**What this task involves**
The data must be given again exactly as written, with all images omitted.

**Data excerpt**
####################

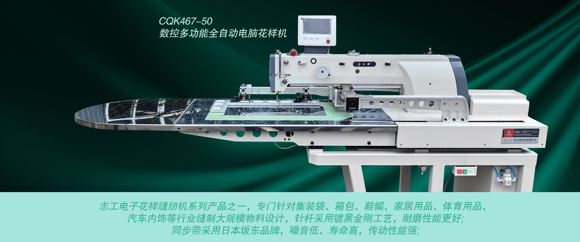 企業以特厚料縫制技術為核心,開發、制造“志工”牌各類縫制設備,產品涉及3大系列近50多個品種,產品暢銷50多個國家和地區。其沙發縫紉機、皮革縫紉機、集裝袋縫紉機、粗線縫紉機、電子花樣縫紉機、雙針縫紉機、特厚料電子花樣縫紉機、長臂厚料曲折縫紉機等機型全國銷量名列前茅。公司傳承精湛技藝,結合現代科技,我們的生產設備高效精準,每一道工序都凝聚著匠人的心血與智慧。
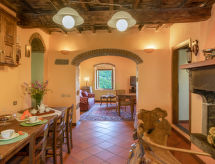 Kuća s 2 apartmana "Il Podere", 450 m n.m.. 7 km od centra mjesta Dicomano, 14 km od centra mjesta Rufina, 40 km od centra mjesta Firenze, na padini, 3 km od jezera, u zelenom. Za samostalno korištenje: prirodno ostavljena parcela, terasasti vrt (nije ograđen), prirodni vrt, bazen u obliku bubrega (7 x 4 m, 150 cm dubok, sezonska dostupnost: 01.May. - 30.Sep.). Vanjski tuš, pergola (9 m2), vrtna garnitura za sjedenje. U kući: perilica za rublje. 600 m dugački strmi, uski prilaz autom (600 m bijela cesta). Parking na parceli. Supermarket 3 km, željeznička postaja "Contea Londa" 5 km, pješčana plaža "Tirrenia" 135 km, jezero za kupanje "Lago di Bilancino" 38 km. Pješačke staze od kuće 100 m. U blizini: Siena 100 km, Arezzo 85 km, San Gimignano 90 km, Autodromo Internazionale del Mugello 35 km, Outlet Barberino del Mugello 45 km. Dodatna informacija: preporučljiv vlastiti prijevoz. Grupe mladih samo na upit. Vlasnik stanuje u zasebnom dijelu kuće.Interior
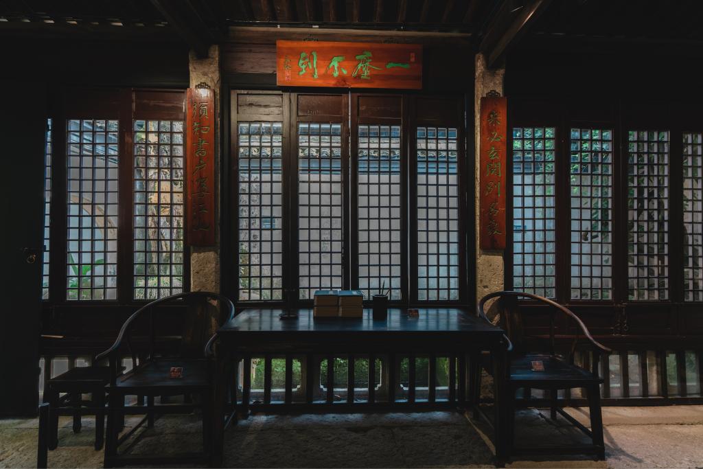 月門上書有“天漢分源”四個大字,此為徐渭之手跡。相傳徐渭認為天池之水乃是銀河流落人間的一股源泉,故而題寫此四字。進入月門,靠左邊的冬青樹,已有200余年樹齡,可以說是見證了書屋的數易其主、滄桑變遷。天池為七尺見方的石砌小池,徐渭稱此池“通泉,深不可測,水旱不涸,若有神異”,故取名“天池”,并以此作為自己的號
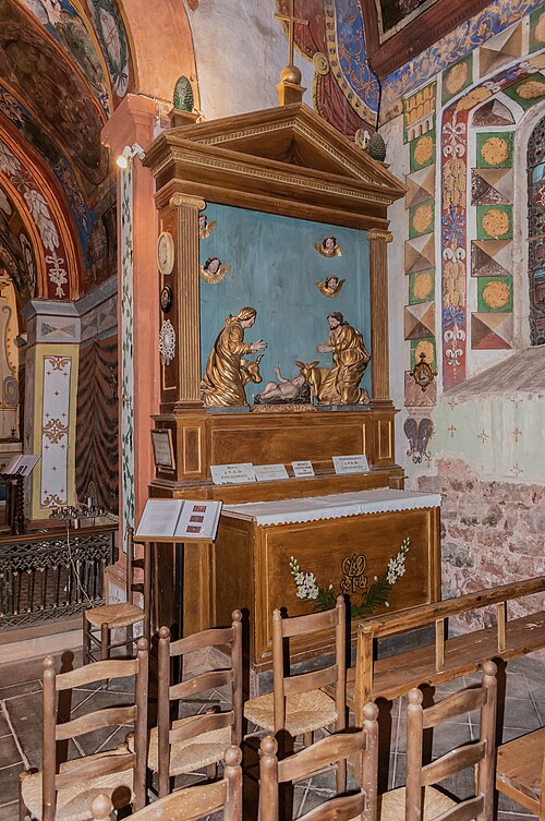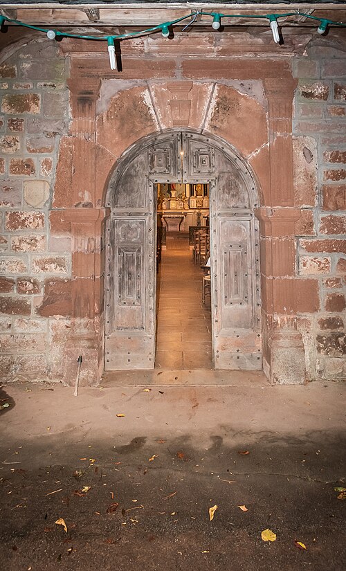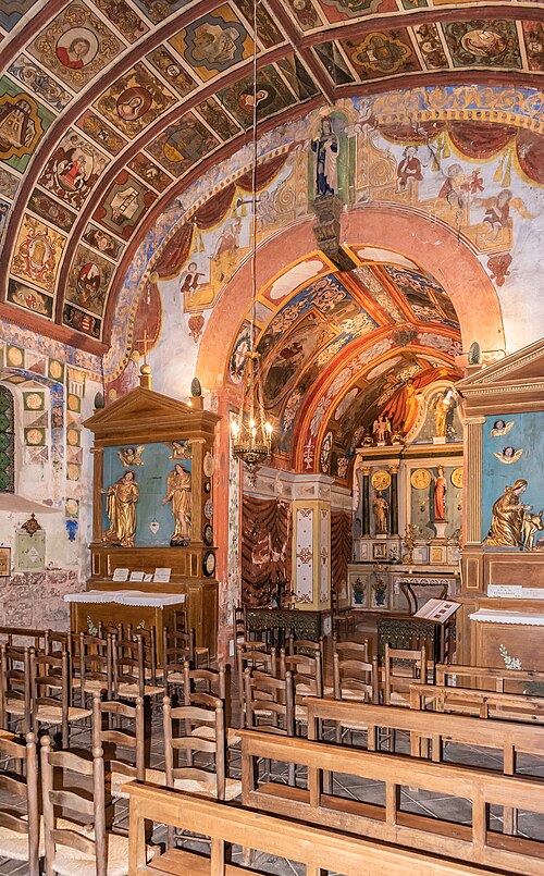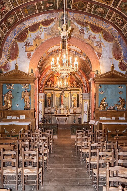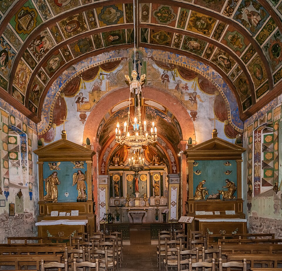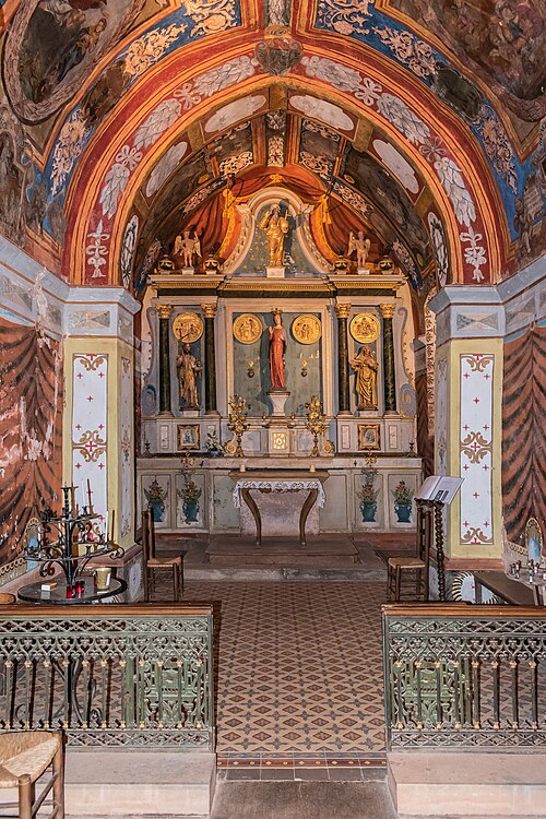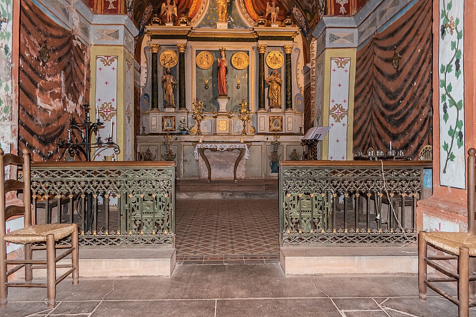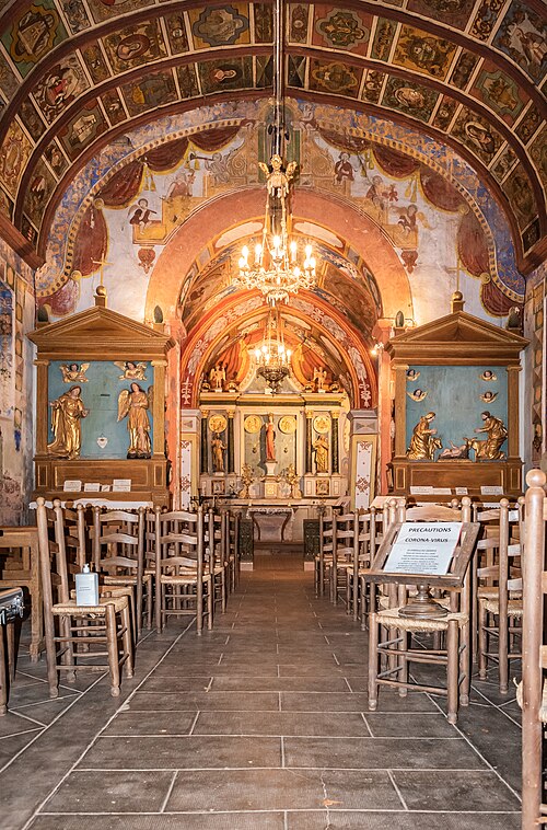 La chapelle Notre‑Dame de Foncourrieu, située à la sortie de Marcillac‑Vallon sur la route Notre‑Dame de Foncourrieu, est un édifice de pèlerinage implanté dans l'Aveyron. Elle est composée d'un chœur roman, d'une nef du XIVe siècle et d'un logis de prieur relié à la chapelle par une tribune ; ce logis, bâti vers 1650, dépendait de l'abbaye de Conques. La tradition rapporte qu'une dame, attaquée par un serpent en 1338, invoqua la Vierge qui lui apparut et la délivra ; en remerciement la chapelle aurait été élevée en ce lieu. La première mention documentaire remonte à 1351. À la fin du XIVe siècle le sanctuaire fut agrandi par la construction de la nef et un service de léproserie fut instauré, financé en partie par Guillaume de Laparra et approuvé par les autorités ecclésiastiques et civiles. La chapelle fut consacrée en 1389, la date 1388 figurant sur les arcs de la voûte. Aux XVIIe et XVIIIe siècles, la chapelle et le logis du prieur furent ornés de peintures ; la voûte du chœur porte un décor daté de 1680 composé de quatre cartouches en l'honneur de la Vierge. En 1703 un moine de Conques peignit les voûtes lambrissées de la nef et le revers de la porte. Le logement du prieur conserve une mosaïque de panneaux peints à figures géométriques et fonds alternés, datée du XVIIe siècle. La chapelle et ses dépendances étaient entourées d'un enclos muni d'un portail et d'une grille en fer forgé ; un chemin de pèlerinage marqué de losanges est inclus dans cet ensemble. Des vœux paroissiaux et des processions y furent institués à partir du milieu du XVIIe siècle, notamment une procession annuelle le 15 août et, à partir de 1675, une procession le premier samedi de mai pour la conservation des récoltes. La chapelle fut pillée en 1793 et vendue par les Jacobins, et la statue de la Vierge fut mutilée avant qu'une partie ne soit dissimulée par une fidèle. Rachetée par les fidèles en 1804, la chapelle rouvrit au culte et la statue, partiellement reconstituée, retrouva sa place après une restauration effectuée en 1887 par le sculpteur François Mahoux, année où la tribune fut également reconstruite. La statue de la Vierge, en bois peint du XIVe siècle et haute de 1,20 m, représente Marie adolescente dans l'attitude du Magnificat, une main sur le cœur et l'autre levée ; elle porte une robe rouge ornée de grappes de raisin et un manteau bleu. Réplique des orantes de Carthage, cette image est particulièrement vénérée par les vignerons, les familles et la population du bassin houiller qui lui confient la protection des enfants et des cultures. La statue reçut une couronne lors d'une cérémonie solennelle le 30 juin 1901, après un décret de couronnement du Saint‑Siège. La Vierge participa à l'ostension des Madones du Rouergue à Rodez en 1951 ; une petite bannière bleue commémore cet événement. Les peintures de la voûte du chœur ont été restaurées en 1983 et, en 1988, la chapelle et le logement du prieur furent inscrits à l'inventaire supplémentaire des monuments historiques. À l'intérieur, la chapelle présente trois retables : deux dans la nef consacrés à l'Annonciation et à la Nativité, et un retable de chœur surmonté d'une statue de la Vierge, flanqué de figures comme sainte Anne et saint Jean‑Baptiste. Quatre médaillons dorés figurent l'Annonciation, la Visitation, la Nativité et l'Assomption. La voûte de la nef est divisée en deux cents carrés peints représentant Marie, le Christ ou divers saints, et les murs sont couronnés d'une frise aux blasons des abbés de Conques et des bienfaiteurs. Des pèlerinages y sont toujours célébrés : celui des paroisses du Vallon le dimanche précédant l'Ascension, le pèlerinage de Notre‑Dame des Bourgeons et des enfants le lundi de Pentecôte, et un pèlerinage des malades et handicapés le dernier dimanche de juin.

####################

**Answer**
 企業以特厚料縫制技術為核心,開發、制造“志工”牌各類縫制設備,產品涉及3大系列近50多個品種,產品暢銷50多個國家和地區。其沙發縫紉機、皮革縫紉機、集裝袋縫紉機、粗線縫紉機、電子花樣縫紉機、雙針縫紉機、特厚料電子花樣縫紉機、長臂厚料曲折縫紉機等機型全國銷量名列前茅。公司傳承精湛技藝,結合現代科技,我們的生產設備高效精準,每一道工序都凝聚著匠人的心血與智慧。
 Kuća s 2 apartmana "Il Podere", 450 m n.m.. 7 km od centra mjesta Dicomano, 14 km od centra mjesta Rufina, 40 km od centra mjesta Firenze, na padini, 3 km od jezera, u zelenom. Za samostalno korištenje: prirodno ostavljena parcela, terasasti vrt (nije ograđen), prirodni vrt, bazen u obliku bubrega (7 x 4 m, 150 cm dubok, sezonska dostupnost: 01.May. - 30.Sep.). Vanjski tuš, pergola (9 m2), vrtna garnitura za sjedenje. U kući: perilica za rublje. 600 m dugački strmi, uski prilaz autom (600 m bijela cesta). Parking na parceli. Supermarket 3 km, željeznička postaja "Contea Londa" 5 km, pješčana plaža "Tirrenia" 135 km, jezero za kupanje "Lago di Bilancino" 38 km. Pješačke staze od kuće 100 m. U blizini: Siena 100 km, Arezzo 85 km, San Gimignano 90 km, Autodromo Internazionale del Mugello 35 km, Outlet Barberino del Mugello 45 km. Dodatna informacija: preporučljiv vlastiti prijevoz. Grupe mladih samo na upit. Vlasnik stanuje u zasebnom dijelu kuće.Interior
 月門上書有“天漢分源”四個大字,此為徐渭之手跡。相傳徐渭認為天池之水乃是銀河流落人間的一股源泉,故而題寫此四字。進入月門,靠左邊的冬青樹,已有200余年樹齡,可以說是見證了書屋的數易其主、滄桑變遷。天池為七尺見方的石砌小池,徐渭稱此池“通泉,深不可測,水旱不涸,若有神異”,故取名“天池”,并以此作為自己的號
 La chapelle Notre‑Dame de Foncourrieu, située à la sortie de Marcillac‑Vallon sur la route Notre‑Dame de Foncourrieu, est un édifice de pèlerinage implanté dans l'Aveyron. Elle est composée d'un chœur roman, d'une nef du XIVe siècle et d'un logis de prieur relié à la chapelle par une tribune ; ce logis, bâti vers 1650, dépendait de l'abbaye de Conques. La tradition rapporte qu'une dame, attaquée par un serpent en 1338, invoqua la Vierge qui lui apparut et la délivra ; en remerciement la chapelle aurait été élevée en ce lieu. La première mention documentaire remonte à 1351. À la fin du XIVe siècle le sanctuaire fut agrandi par la construction de la nef et un service de léproserie fut instauré, financé en partie par Guillaume de Laparra et approuvé par les autorités ecclésiastiques et civiles. La chapelle fut consacrée en 1389, la date 1388 figurant sur les arcs de la voûte. Aux XVIIe et XVIIIe siècles, la chapelle et le logis du prieur furent ornés de peintures ; la voûte du chœur porte un décor daté de 1680 composé de quatre cartouches en l'honneur de la Vierge. En 1703 un moine de Conques peignit les voûtes lambrissées de la nef et le revers de la porte. Le logement du prieur conserve une mosaïque de panneaux peints à figures géométriques et fonds alternés, datée du XVIIe siècle. La chapelle et ses dépendances étaient entourées d'un enclos muni d'un portail et d'une grille en fer forgé ; un chemin de pèlerinage marqué de losanges est inclus dans cet ensemble. Des vœux paroissiaux et des processions y furent institués à partir du milieu du XVIIe siècle, notamment une procession annuelle le 15 août et, à partir de 1675, une procession le premier samedi de mai pour la conservation des récoltes. La chapelle fut pillée en 1793 et vendue par les Jacobins, et la statue de la Vierge fut mutilée avant qu'une partie ne soit dissimulée par une fidèle. Rachetée par les fidèles en 1804, la chapelle rouvrit au culte et la statue, partiellement reconstituée, retrouva sa place après une restauration effectuée en 1887 par le sculpteur François Mahoux, année où la tribune fut également reconstruite. La statue de la Vierge, en bois peint du XIVe siècle et haute de 1,20 m, représente Marie adolescente dans l'attitude du Magnificat, une main sur le cœur et l'autre levée ; elle porte une robe rouge ornée de grappes de raisin et un manteau bleu. Réplique des orantes de Carthage, cette image est particulièrement vénérée par les vignerons, les familles et la population du bassin houiller qui lui confient la protection des enfants et des cultures. La statue reçut une couronne lors d'une cérémonie solennelle le 30 juin 1901, après un décret de couronnement du Saint‑Siège. La Vierge participa à l'ostension des Madones du Rouergue à Rodez en 1951 ; une petite bannière bleue commémore cet événement. Les peintures de la voûte du chœur ont été restaurées en 1983 et, en 1988, la chapelle et le logement du prieur furent inscrits à l'inventaire supplémentaire des monuments historiques. À l'intérieur, la chapelle présente trois retables : deux dans la nef consacrés à l'Annonciation et à la Nativité, et un retable de chœur surmonté d'une statue de la Vierge, flanqué de figures comme sainte Anne et saint Jean‑Baptiste. Quatre médaillons dorés figurent l'Annonciation, la Visitation, la Nativité et l'Assomption. La voûte de la nef est divisée en deux cents carrés peints représentant Marie, le Christ ou divers saints, et les murs sont couronnés d'une frise aux blasons des abbés de Conques et des bienfaiteurs. Des pèlerinages y sont toujours célébrés : celui des paroisses du Vallon le dimanche précédant l'Ascension, le pèlerinage de Notre‑Dame des Bourgeons et des enfants le lundi de Pentecôte, et un pèlerinage des malades et handicapés le dernier dimanche de juin.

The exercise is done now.